2. The integrated component (100) according to claim 1, characterized in that, One end of the partition (145) is connected to the wall corresponding to the first channel (1411), and the other end of the partition (145) is connected to the wall corresponding to the second channel (1413). The partition (145) includes a second exhaust chamber (1432). The wall corresponding to the second exhaust chamber (1432) includes a first side (1451) and a second side (1452). The gravity direction of the integrated component (100) after installation is defined as the first direction (101). Along the direction perpendicular to the first direction (101), the first side (1451) and the second side (1452) are arranged opposite to each other.

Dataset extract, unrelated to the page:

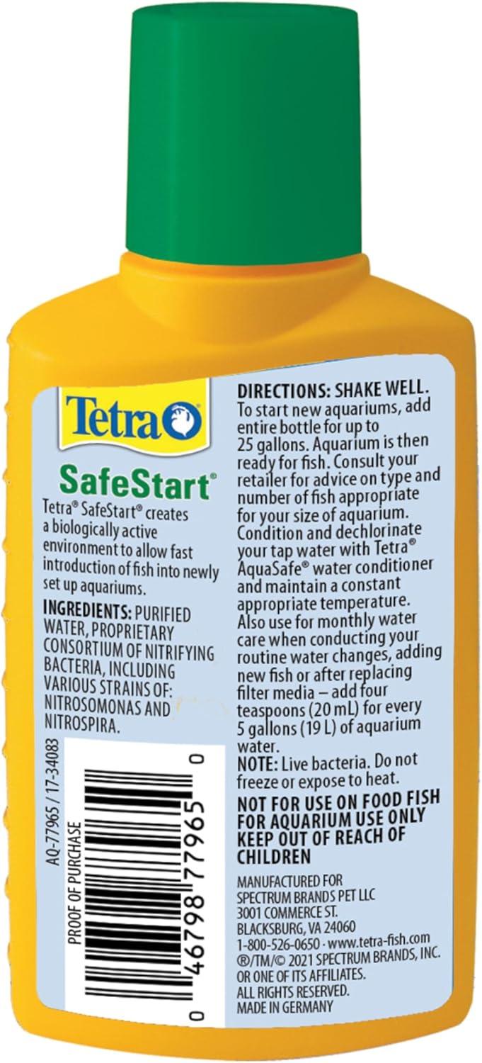 Tetra is a name you can trust in the aquatics industry. With decades of proven performance and high quality products it’s no wonder Tetra is the go to brand for aquatics beginners and veterans alike. Create a safe environment for your fish by adding Tetra Safe Start. It is most effective when you are setting up a tank for the first time or adding new fish to its population. Using healthy filter bacteria, the formula works to remove ammonia and nitrite. This helps your aquatic pets thrive and grow properly. The Tetra SafeStart solution accelerates the establishment of the Bio Filter in a new aquarium. It can also be used after a water change, when adding new fish or after medicating. SafeStart contains unique bacteria and is proven to reduce fish loss due to ammonia and nitrate toxicity. Inside this bottle is 3.38 oz of aquarium safe start, enough to treat 100 gallons of water.

3. The integrated component (100) according to claim 2, characterized in that, The wall portion corresponding to the first channel (1411) includes the first side portion (1451), the wall portion corresponding to the second channel (1413) includes the second side portion (1452), the exhaust portion (14) includes an exhaust hole (142), the exhaust hole (142) includes a second exhaust hole (1422) and a third exhaust hole (1423), the second exhaust hole (1422) connects the first channel (1411) and the second exhaust chamber (1432), the third exhaust hole (1423) connects the second channel (1413) and the second exhaust chamber (1432), the second exhaust hole (1422) includes the first exhaust port (1422a), the first exhaust port (1422a) is formed in the first side portion (1451), the third exhaust hole (1423) includes the second exhaust port (1423a), the second exhaust port (1423a) is formed in the second side portion (1452).
4. The integrated component (100) according to claim 3, characterized in that, The vent (142) includes a first vent (1421), the first channel (1411) includes a first bottom (1411a), the first bottom (1411a) is connected to the first side (1451), the first bottom (1411a) separates the inlet channel (18) and the first channel (1411), the first vent (1421) is formed at the first bottom (1411a), and the first vent (1421) connects the first channel (1411) and the inlet channel (18).
5. The integrated component (100) according to claim 4, characterized in that, The diameter of the first vent (1421) with the smallest flow cross-sectional area is 2mm-5mm, the diameter of the second vent (1422) with the smallest flow cross-sectional area is 2mm-5mm, and the diameter of the third vent (1423) with the smallest flow cross-sectional area is 2mm-5mm.
6. The integrated component (100) according to claim 4 or 5, characterized in that, Along the first direction (101), at least part of the second vent (1422) and / or the third vent (1423) is above the first vent (1421).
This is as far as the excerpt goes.